- TASK REQUIREMENTS: Everything from the opening line of the listing below to the line that has "- 세경하이테크 (8,510원", inclusive, should be returned exactly, except the pictures.

** SUPPLIED INFORMATION follows **

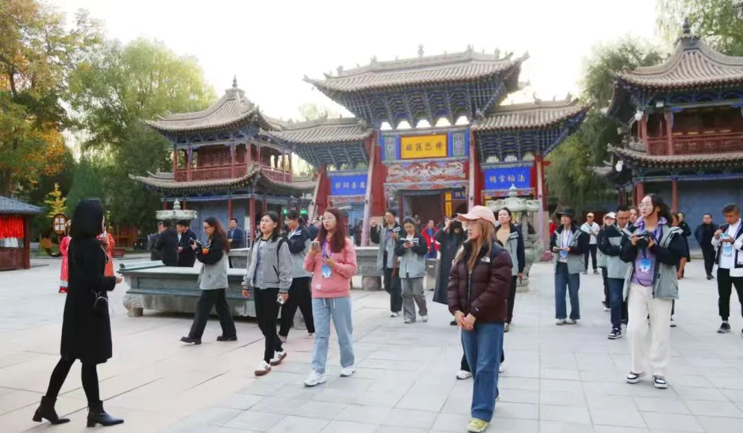 18日上午,迎著耀眼的晨光,采訪團成員乘坐大巴車來到了集自然風(fēng)光、石窟藝術(shù)、民族風(fēng)情、宗教文化于一體的肅南馬蹄寺。馬蹄寺是河西走廊著名的佛教勝地,石窟群開鑿于十六國北涼時期,距今約1600年的歷史,是絲綢之路上至關(guān)重要的歷史文化瑰寶,也是我國早期石窟的杰出代表。秋日的馬蹄寺,秋高氣爽,景色宜人,遠(yuǎn)遠(yuǎn)看去,紅綠相間,層林盡染,大家行走在落葉飄零的山間小路上,對這座建在懸崖峭壁之上、將棧道鑲嵌在山體之內(nèi)的石窟充滿了好奇。
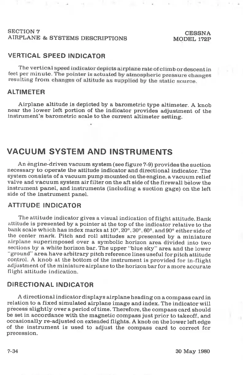 Cessna 172P - Vertícal Speed Indicator; Altimeter; Directional Indicator; Suction Gage
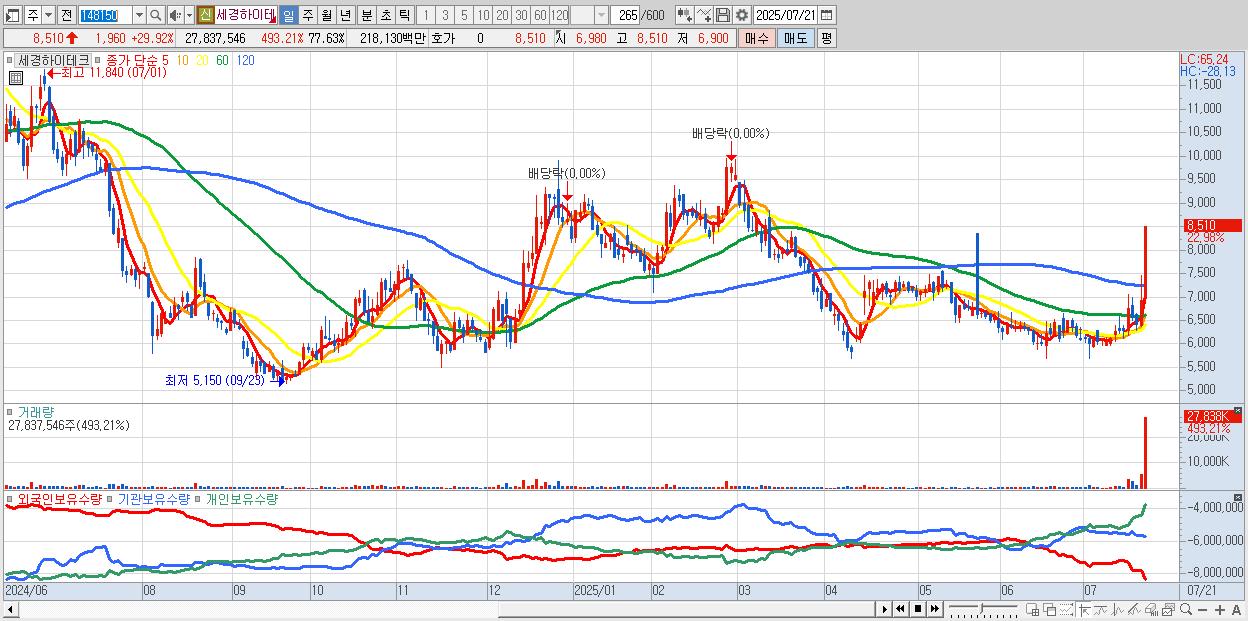 - 세경하이테크 (8,510원 ▲ 29.92% , 시총: 3,052억, 거래량: 13,219,442, 거래대금:1,045억)
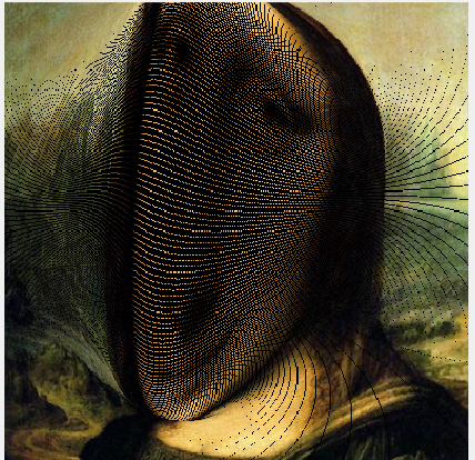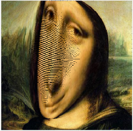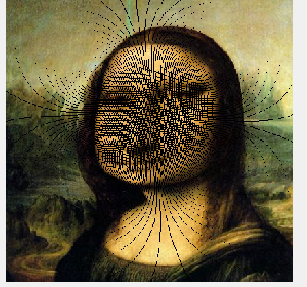 是以对预期变换后图像的每个像素点位置找到它对应的原位置,那么此时方程变为 \(\begin{aligned} R_i(\mathbf{x})&=\frac{1}{|\mathbf{x-q_i}|^2+d_i}\\ \boldsymbol R \boldsymbol\alpha&=\mathbf p-\mathbf q\\ \pmb{f}(\pmb{x})&=\sum _ {i=1}^n \boldsymbol{\alpha} _ i R_i(\mathbf{x})+\pmb{x} \end{aligned}\tag8\) 此时要做的是计算出每个像素点 $\mathbf{x}=(i,j)$ 对应的原位置 $\mathbf {f(x)}$,此时变换后新图像每点的像素值为 $\mathbf{f(x)}$ 处的像素值。

** End of SUPPLIED INFORMATION **

- RESULT OF THE EXERCISE:
 18日上午,迎著耀眼的晨光,采訪團成員乘坐大巴車來到了集自然風(fēng)光、石窟藝術(shù)、民族風(fēng)情、宗教文化于一體的肅南馬蹄寺。馬蹄寺是河西走廊著名的佛教勝地,石窟群開鑿于十六國北涼時期,距今約1600年的歷史,是絲綢之路上至關(guān)重要的歷史文化瑰寶,也是我國早期石窟的杰出代表。秋日的馬蹄寺,秋高氣爽,景色宜人,遠(yuǎn)遠(yuǎn)看去,紅綠相間,層林盡染,大家行走在落葉飄零的山間小路上,對這座建在懸崖峭壁之上、將棧道鑲嵌在山體之內(nèi)的石窟充滿了好奇。
 Cessna 172P - Vertícal Speed Indicator; Altimeter; Directional Indicator; Suction Gage
 - 세경하이테크 (8,510원 ▲ 29.92% , 시총: 3,052억, 거래량: 13,219,442, 거래대금:1,045억)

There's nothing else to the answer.